(Bloomberg) -- Shares of Ritchie Bros. Auctioneers Inc. fell the most on record after the Canadian company agreed to buy US auto retailer IAA Inc. in a cash-and-stock deal worth about $6.2 billion. 

Ritchie was down 18.2% to $50.91 as of 3:17 p.m. in New York, its biggest-ever decline and taking the shares to the lowest point since May. 

“Investors view RBA as counter-cyclical,” National Bank of Canada analyst Maxim Sytchev said a note, referring to Ritchie’s stock ticker. Its core business is selling used industrial and construction equipment, a business that can perform well in tough economic times. 

“We are more bullish on the construction market given North American infra plans but autos are now facing some tough backdrop,” Sytchev wrote.

IAA shareholders will receive $10 in cash and 0.5804 of a Ritchie share for each IAA share they own, the companies said Monday. The deal includes Ritchie assuming $1 billion of IAA’s debt.

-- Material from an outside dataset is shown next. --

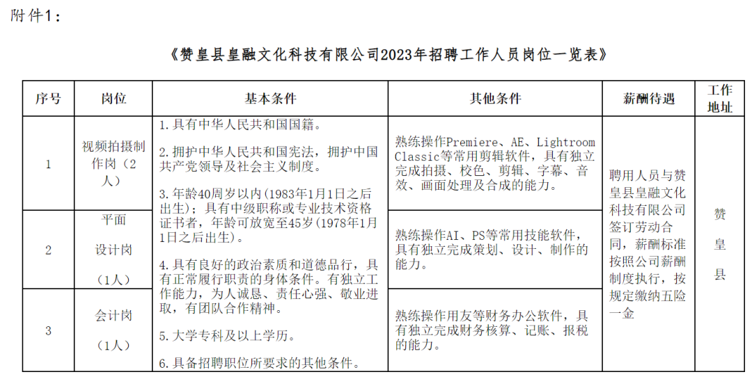 附件1:《赞皇县皇融文化科技有限公司2023年招聘工作人员岗位一览表》

“The transaction will diversify Ritchie Bros.’ customer base by providing the company with a significant presence in the vehicle remarketing vertical that has strong industry fundamentals with proven secular growth,” Ritchie Bros said in the statement.

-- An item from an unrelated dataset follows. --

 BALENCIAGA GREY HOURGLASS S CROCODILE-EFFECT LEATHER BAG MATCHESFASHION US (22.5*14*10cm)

The purchase price of $46.88 a share represents a premium of about 19% to IAA’s closing price on Friday, according to the statement. But with the decline in Ritchie’s share price, IAA was down 2% on Monday afternoon.  

“The financials actually do make sense” for Ritchie, Sytchev said on BNN Bloomberg Television. But, he added, “people own shares for specific reasons and when the investment thesis around a stock changes dramatically, that’s the kind of share price reaction that you do witness.”